[prof-heap] Fix issues stemming from rb_gc_force_recycle #3366

AlexJF · 2024-01-05T19:21:39Z

What does this PR do?

When trying our new heap profiler in real applications running in Ruby 2.7 we noticed the profiler quickly shuts down due to detecting duplicate sampling of objects with the same id. This is not supposed to happen since after Ruby 2.7 the object id system was reworked to ensure uniqueness and we rely on this as part of our object liveness tracking.

Turns out Rubies previous to 3.1 support a feature called "force recycling" where an object slot can be manually given back to the heap outside of a GC cycle by calling rb_gc_force_recycle. However, the implementation of this feature is buggy and fails to clean-up objects ids or finalizers associated with objects that undergo this recycling (in a way that will actually slowly leak map entries over time). This feature also brought enough problems to the management of garbage collection code that it was eventually removed from Ruby 3.1 and later and replaced with a no-op (https://bugs.ruby-lang.org/issues/18290).

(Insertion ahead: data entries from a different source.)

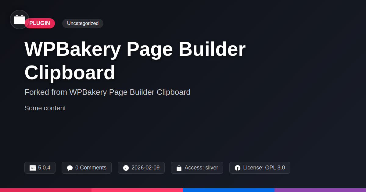 GrootMade is NOT affiliated with WPBakery Page Builder Clipboard or its original author. WPBakery Page Builder Clipboard™ is a trademark of its respective owner and use of it does not imply any endorsement or affiliation. This product has been forked under the GNU General Public License (GPL) and all non-GPL assets (such as proprietary images, fonts, and branding) have been removed. Distributing GPL-licensed code is 100% legal.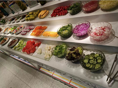 一踏进店就可以看见阔气的自助区摆了长长一溜,上面放满了菜品,熟食烧烤点心还有水果小蛋糕可谓是五花八门!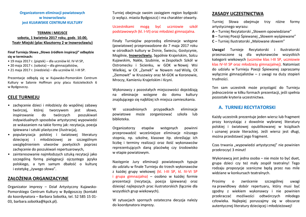 Organizatorem eliminacji powiatowych w Inowrocławiu jest KUJAWSKIE CENTRUM KULTURY TERMIN i MIEJSCE sobota, 1 kwietnia 2017 roku, godz. 10.00, Teatr Miejski (plac Klasztorny 2 w Inowrocławiu) Finał Turnieju Słowa „Słowo źródłem inspiracji” odbędzie się w terminach: • 19 maja 2017 r. (piątek) – dla uczniów kl. IV-VI SP, • 20 maja 2017 r. (sobota) – dla gimnazjalistów, • 21 maja 2017 r. (niedziela) – dla uczniów kl. I-III SP. Prezentacje odbędą się w Kujawsko-Pomorskim Centrum Kultury w Salonie Hoffman przy placu Kościeleckich 6 w Bydgoszczy. CELE TURNIEJU • zachęcenie dzieci i młodzieży do wspólnej zabawy twórczej, której tworzywem jest słowo, inspirowanie do twórczych poszukiwań indywidualnych sposobów artystycznej wypowiedzi ze wskazaniem na takie formy jak: recytacja, poezja śpiewana i sztuki plastyczne (ilustracja), • popularyzacja polskiej i światowej literatury dziecięcej i młodzieżowej ze szczególnym uwzględnieniem utworów poetyckich poprzez zachęcenie do poszukiwań repertuarowych, • zainteresowanie najmłodszych sztuką recytacji jako szczególną formą pielęgnacji ojczystego języka polskiego, a tym samym dbałość o kulturę i estetykę „żywego słowa”. ZAŁOŻENIA ORGANIZACYJNE Organizator imprezy – Dział Artystyczny KujawskoPomorskiego Centrum Kultury w Bydgoszczy (kontakt do koordynatora – Barbara Sobotka, tel. 52 585 15 0103, [email protected]). Turniej obejmuje swoim zasięgiem region bydgoski (z wyłącz. miasta Bydgoszcz) i ma charakter otwarty. Uczestnikami mogą być uczniowie szkół podstawowych (kl. I-VI) oraz młodzież gimnazjalna. Finały Turniejów poprzedzą eliminacje wstępne (powiatowe) przeprowadzone do 7 maja 2017 roku w ośrodkach kultury w Żninie, Świeciu, Gostycynie, Mogilnie, Inowrocławiu, Sępólnie Krajeńskim, Solcu Kujawskim, Nakle, Szubinie, w Zespołach Szkół w Ostromecku i Sicienku, w GOK w Nowej Wsi Wielkiej, w CK „Zamek” w Nowem nad Wisłą, CK „Ziemowit” w Kruszwicy oraz M-GOK w Koronowie, Mroczy, Kamieniu Krajeńskim i Kcyni. Wykonawcy z pozostałych miejscowości dojeżdżają na eliminacje wstępne do domu kultury znajdującego się najbliżej ich miejsca zamieszkania. W uzasadnionych przypadkach eliminacje powiatowe może zorganizować szkoła lub biblioteka. Organizatorzy etapów wstępnych powinni przeprowadzić wcześniejsze eliminacje niższego stopnia, np. szkolne, klasowe itp. określając ich liczbę i terminy realizacji oraz ilość wykonawców reprezentujących daną placówkę czy środowisko w etapie powiatowym. Następnie Jury eliminacji powiatowych typuje do udziału w finale Turnieju do trzech wykonawców z każdej grupy wiekowej (kl. I-III SP, kl. IV-VI SP i grupa gimnazjalna) – osobno w każdej formie prezentacji (recytacja, poezja śpiewana) oraz dziesięć najlepszych prac ilustratorskich (łącznie dla wszystkich grup wiekowych). W sytuacjach spornych ostateczna decyzja należy do koordynatora imprezy. ZASADY UCZESTNICTWA Turniej Słowa obejmuje trzy różne formy artystycznego wyrazu: A – Turniej Recytatorski „Słowem opowiedziane” B – Turniej Poezji Śpiewanej „Słowem wyśpiewane” C – Turniej Ilustratorski „Malowane słowem” Uwaga! Turnieje Recytatorski i Ilustratorski przeznaczone są dla wykonawców wszystkich kategorii wiekowych (uczniów klas I-III SP, uczniowie klas IV-VI SP oraz młodzieży gimnazjalnej). Natomiast do udziału w Turnieju Poezji Śpiewanej zapraszamy wyłącznie gimnazjalistów – z uwagi na duży stopień trudności. Ten sam uczestnik może przystąpić do Turnieju jednocześnie w kilku formach prezentacji, jeśli spełnia pozostałe kryteria uczestnictwa. A. TURNIEJ RECYTATORSKI Każdy uczestnik prezentuje jeden wiersz lub fragment prozy korzystając z dowolnie wybranej literatury polskiej i światowej opublikowanej w książkach i uznanej prasie literackiej. Jeśli wiersz jest długi, można przedstawić jego fragment. Czas trwania „wypowiedzi artystycznej” nie powinien przekroczyć 3 minut! Wykonawcą jest jedna osoba – nie może to być duet, grupa dzieci czy też mały zespół teatralny! Tego rodzaju propozycje sceniczne będą przez nas mile widziane w konkursach teatralnych. Prosimy o zwrócenie szczególnej uwagi na prawidłowy dobór repertuaru, który musi być zgodny z wiekiem wykonawcy i nie powinien przekraczać możliwości odtwórczych młodego człowieka. Najlepiej poruszajmy się w obszarze autentycznej literatury dziecięcej i młodzieżowej! W odniesieniu do formy prezentacji – preferowane będą propozycje skupione na słowie mówionym – prosimy nie stosować zabiegów teatralizacji. B. TURNIEJ POEZJI ŚPIEWANEJ Wykonawca prezentuje jeden utwór śpiewany oparty na tekście poetyckim. Może to być propozycja zapożyczona z repertuaru znanych wykonawców poezji śpiewanej lub utwór skomponowany przez samego uczestnika lub inną osobę – nieprofesjonalistę. Mile widziany będzie żywy akompaniament, a nie podkład z taśmy. Jednak soliście może towarzyszyć jedynie mały, maksymalnie trzyosobowy zespół. Szczególnie cenne będą własne (inne) pomysły interpretacyjne znanych przebojów. JURY, NAGRODY... Prezentacje finałowe oceniać będzie Jury powołane przez organizatorów, w skład którego wejdą fachowcy z dziedziny literatury i kultury „żywego słowa”, aktorzy, muzycy i artyści plastycy. Po wysłuchaniu wszystkich wykonawców i obejrzeniu nadesłanych prac plastycznych Jury przyzna wyróżnienia i nagrody rzeczowe w trzech odrębnych formach prezentacji (recytacja, poezja śpiewana i ilustracja) zachowując jednocześnie podział na kategorie wiekowe. SEKRETARIAT ELIMINACJI POWIATOWYCH W INOWROCŁAWIU Czas prezentacji – około 5 minut. C. TURNIEJ ILUSTRATORSKI Uczestnik tego Turnieju proponuje jedną lub maksymalnie trzy prace plastyczne wykonane w dowolnej technice – będące ilustracjami wierszy lub prozy dziecięcej i młodzieżowe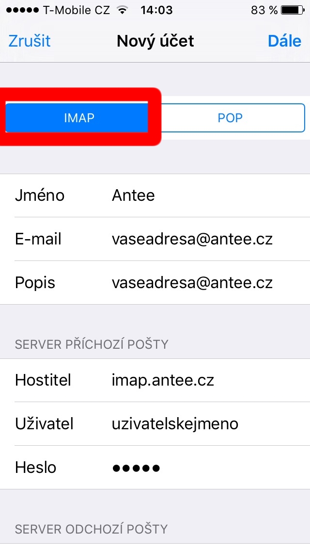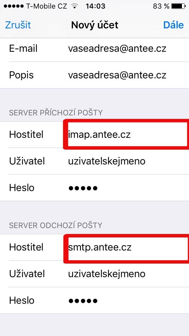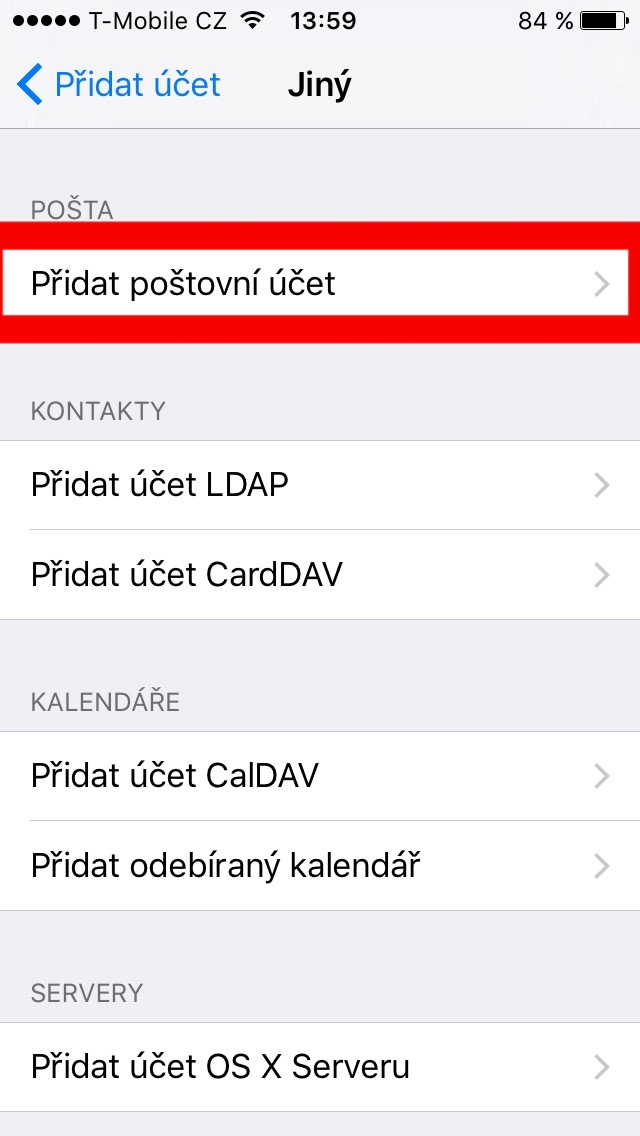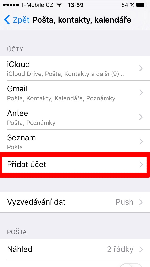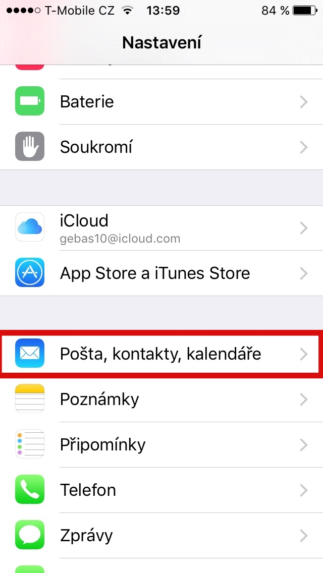 Pro nastavení emailu v mobilní telefonu Iphone postupujte takto: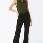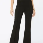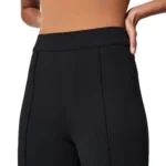 Our elegant medium-rise, fit-and-flare pants are designed for the modern woman who demands both style and innovation. Crafted from premium, high-stretch Ponte Di Roma knit in a timeless jet-black hue, these pants offer a flattering silhouette that moves with you all day long.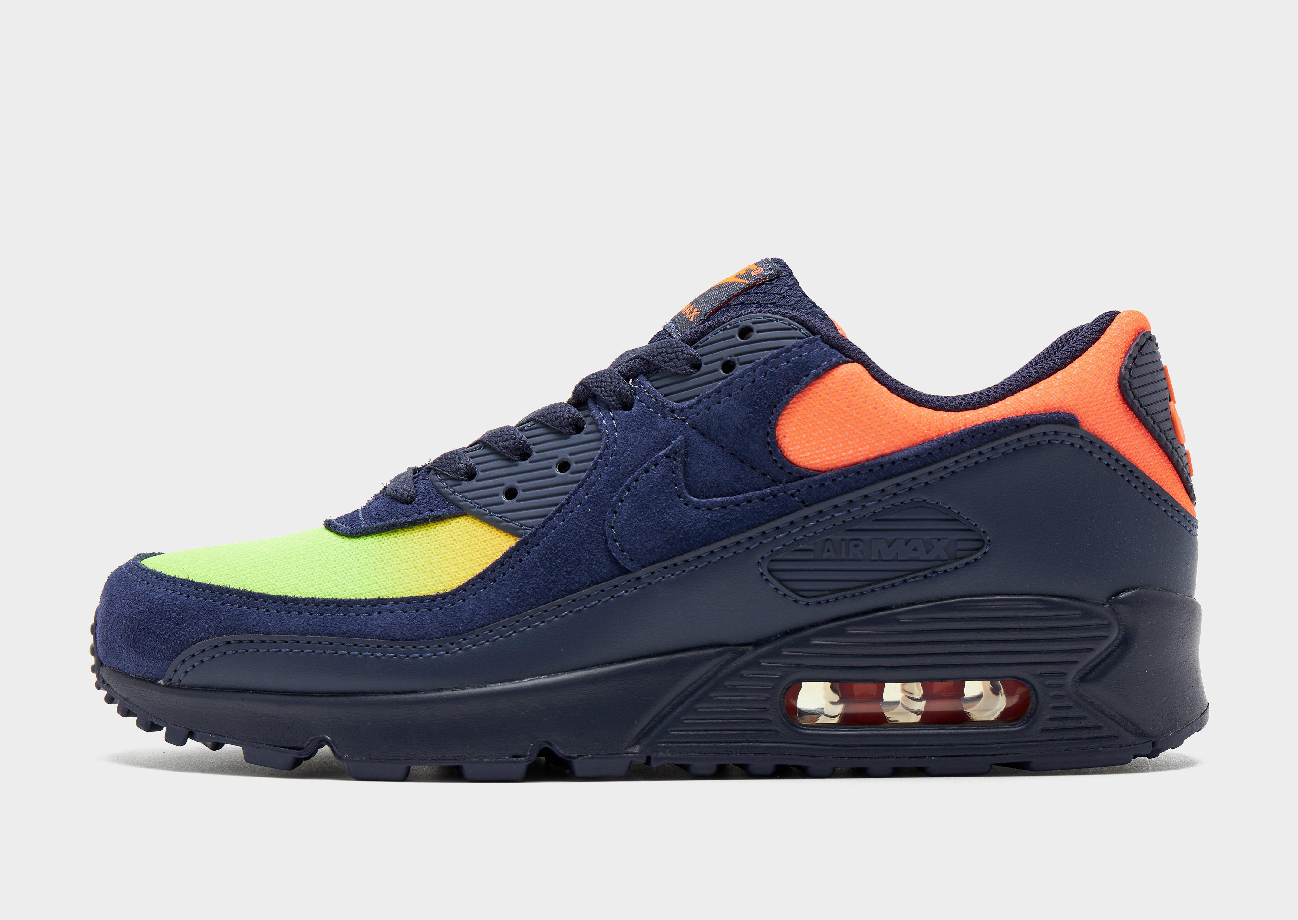 Giving Tinker Hatfield's '90 OG an upgrade, these men's Air Max 90 shoes from Nike are streetwear essentials. In a Navy colourway with gradient Yellow and Orange details, these sneakers are built with a premium leather upper for supreme support. Keepin' the same design lines as the classic, a tonal lace-up fastening keeps you locked in and a lightweight midsole with a visible Air unit in the heel brings a smooth ride and essential cushioning. With a grippy rubber tread underfoot, these shoes are finished with Air Max branding and a Swoosh to the sidewalls. Style Code: DM0029-700

Therefore, in Rubies < 3.1, if an object we were tracking were recycled and a new object uses its slot, this new object would "inherit" the id of the original and, from the perspective of our profiler, we'd be blind to this behaviour and continue reporting the original object as being alive.

Fortunately, as figured out by @ivoanjo in #3360 (comment), this implementation is buggy in a way that allows us to detect this recycling actually happened. When an object id is requested for an object, that object has the FL_SEEN_OBJ_ID flag forcibly set. This is supposed to be an invariant as evidenced by the assert in https://github.com/ruby/ruby/blob/4a8d7246d15b2054eacb20f8ab3d29d39a3e7856/gc.c#L4050. However, when a new object uses a force recycled slot, it will inherit the object id from the object that was previously using that slow but will NOT be marked with the FL_SEEN_OBJ_ID flag. Consequently, when we're checking the liveness of a heap tracked object, if we're able to successfully map an id to a reference and then check the flags of that reference, if we don't see FL_SEEN_OBJ_ID then we can assume the object we were tracking was implicitly freed and clean its record.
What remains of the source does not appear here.